Unsurprisingly, manufacturing activity jumped higher in the UK and outperformed that of the Eurozone’s, which remained lacklustre last month ahead of the European Central Bank’s upcoming bond-buying programme.

Data from the UK on Monday showed Markit’s purchasing manages' index for manufacturing activity jumped to a seven-month high of 54.1 in February, up from 53.1 in January.

Above 50 signifies expansion while below that level indicates contraction. The UK data indicates that after a slowdown in the tail-end of last year, the manufacturing sector is showing signs of recovery in 2015 as growth rates of both production and new orders strengthened in February.
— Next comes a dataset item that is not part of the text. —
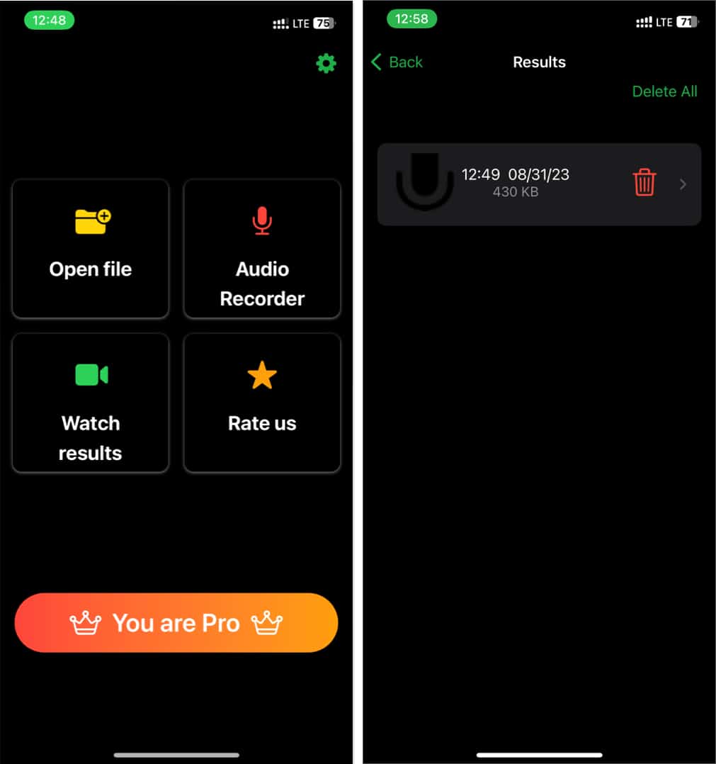 オープンファイルとレートUSオプションは自明ですが、オーディオレコーダーを使用すると、iPhoneまたはiPadにオーディオを録画でき、Watch Resultsオプションには過去の録音の結果が表示されます。

“Strong growth in household incomes this year should provide firm foundations for the manufacturing sector’s recovery,” said Samuel Tombs, economist at Capital Economics.

By contrast, manufacturing output in the Eurozone remained lacklustre last month with PMIs at 51, off slightly from a 51.1 flash reading published in February and unchanged from January's reading of 51.

Despite the uninspiring performance for the broader manufacturing index, the Eurozone’s PMI index does stay above the 50 mark and reached a six-month high in January, highlighting an up-trend in growth together with confidence on the back of improving data out of nations like Italy and Ireland.

Looking at the breakdown of the Eurozone data, the French component for manufacturing fell to 47.6, down from 49.2 in January as sharper falls in output, new orders, employment and stocks of purchases weighed on the index for France.

Germany's however outperformed neighbour France with PMI improving to 51.1, ahead of economists' expectations of a reading of 50.9. Ireland's manufacturing sector reached a 182-month high of 57.5 in February while Italy’s PMIs jumped above 50 for the first time in five months in February, reaching 51.9.

Furthermore, there’s an increase in confidence over the Eurozone’s growth prospects which should directly benefit the manufacturing sector in forthcoming months. With receding worries about a ‘Grexit’ and the ECB’s launch of the bond-buying programme, market participants are viewing the manufacturing report as positive given it does not show a marked drop off in economic growth.

Ahead of the ECB’s first round of quantitative easing, peripheral yields have hit record lows in Monday’s session with Portuguese 10-year government bond yields now at 1.799% while the Italian 10-year is at 1.3%. Both are fresh record lows.